Dann traf sie ihn vor drei Jahren wieder – kurz nachdem sie mit dem Strickkurs begonnen hatte.

Sie erinnerte sich noch genau an den Jordan aus der Schule.

Und sie erinnerte sich an seine Familie …

Seine Mom und sein Dad liebten einander und sorgten gut für ihre Kinder. Sie waren keine Alkoholiker und Versager wie ihre Eltern. Die Familie hatte feste Essenszeiten eingehalten, bei den Mahlzeiten gemeinsam am Tisch gesessen und sich über die Erlebnisse des Tages ausgetauscht.

Bei Alix zu Hause hatte niemand irgendetwas mit dem anderen zusammen gemacht. Wenn ihre Mutter einmal geneigt gewesen war, etwas zu kochen, blieben die Töpfe auf dem Herd stehen, und jeder verzehrte seine Mahlzeit für sich.

An den meisten Abenden hatte Alix allein vor dem Fernseher gegessen, während sich ihre Eltern im Hintergrund stritten.

Sie hatte nicht gezählt, wie oft die Streitigkeiten in handfesten Auseinandersetzungen endeten und sie sich im Schrank verstecken musste, wo sie sich in ihre ganz eigene Welt geträumt hatte – eine Welt, in der es eine ganze Schar von Eltern und Geschwistern gegeben hatte. Wie im Fernsehen. Oder wie bei Jordan zu Hause …

Doch das waren noch nicht alle Unterschiede zwischen ihrem und Jordans Leben gewesen.

Alix’ Mutter hatte irgendwann im Streit auf Alix’ Vater geschossen und war dafür ins Gefängnis gegangen. Als Alix die Schule schließlich verließ, hatte sie bereits in einigen Pflegefamilien gelebt. In dieser Zeit hatte auch sie immer wieder in Schwierigkeiten gesteckt. Erst als ihr Bruder Tom an einer Überdosis starb, war sie „aufgewacht“. Sein Tod hatte sie tief getroffen. Alix wusste, dass auch ihr dieses Schicksal blühte, wenn sie ihr Leben nicht änderte. Und von dem Moment an hatte sie den Drogen abgeschworen. Mehr als einmal war sie in der Folgezeit in Versuchung geraten, doch sie hatte immer die Kraft gefunden, zu widerstehen.

„Die Hochzeit ist nur ein Tag in unserem Leben“, erklärte Jordan.

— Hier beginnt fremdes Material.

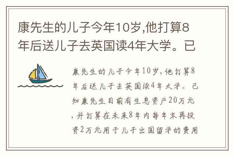 康先生的资金来源包括两部分:现有生息资产20万元,以及未来8年每年末投资2万元。两者均按4%的年化投资报酬率计算终值。
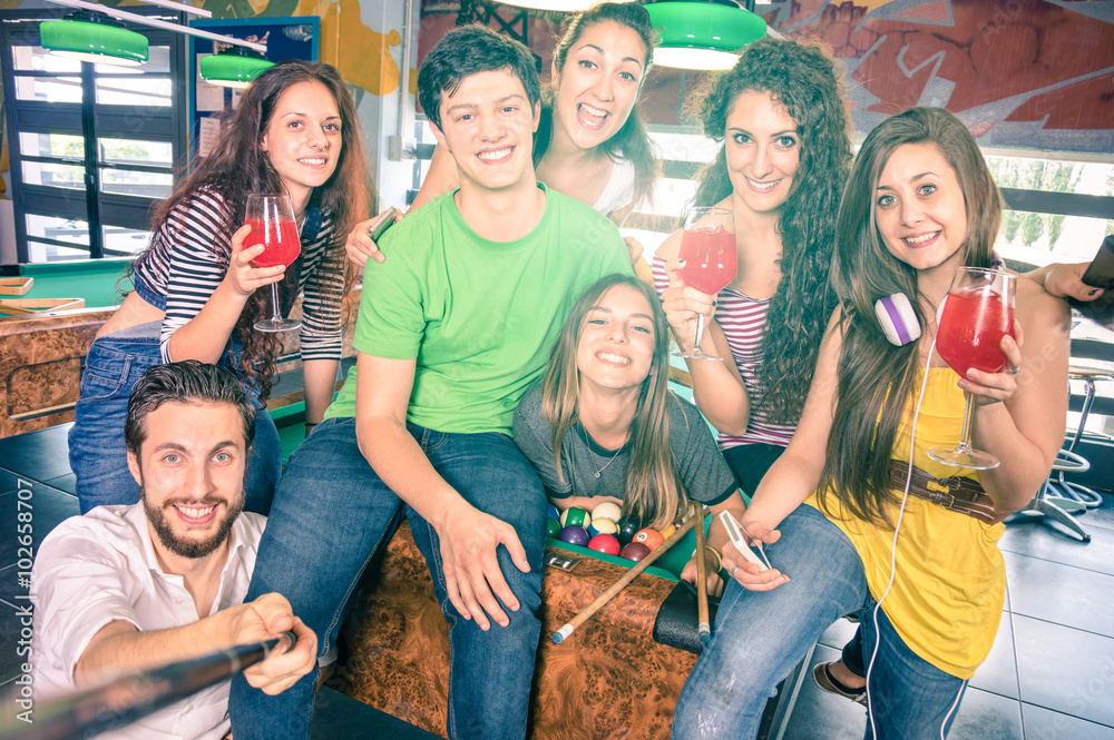 Fototapet Best friends taking selfie at billiard pool table with back lighting - Happy fri

Alix seufzte. Vierundzwanzig Stunden – tatsächlich sogar weniger – würde sie vielleicht überstehen können. Die Zeremonie sollte um fünf Uhr am Nachmittag stattfinden, danach würde es ein Essen und einen Empfang im Country Club geben. Jordan hatte für ihre Flitterwochen ein Zimmer in einem Hotel in Victoria, der Hauptstadt der kanadischen Provinz British Columbia, reserviert. Wenn dieses Hochzeitsritual zu überstehen bedeutete, dass sie am Ende des Tages Jordans Ehefrau war, dann würde sie es eben klaglos über sich ergehen lassen.

„Ich weiß, dass dir das alles nicht so ganz passt“, sagte Jordan und küsste sie auf die nassen Haare. „Die Wahrheit ist, dass für mich nur zählt, am Ende mit dir verheiratet zu sein.“

„Wirklich?“

Er lächelte. „Wirklich.“

„Warum heiraten wir dann nicht ganz allein und stellen die anderen vor vollendete Tatsachen?“ Schon während sie diese Worte aussprach, wusste Alix, dass das niemals geschehen würde.

„Das können wir nicht, Süße. Es tut mir leid. Meine Mutter würde sich von uns betrogen fühlen und … man würde über uns reden.“

„Über uns reden“, wiederholte sie tonlos.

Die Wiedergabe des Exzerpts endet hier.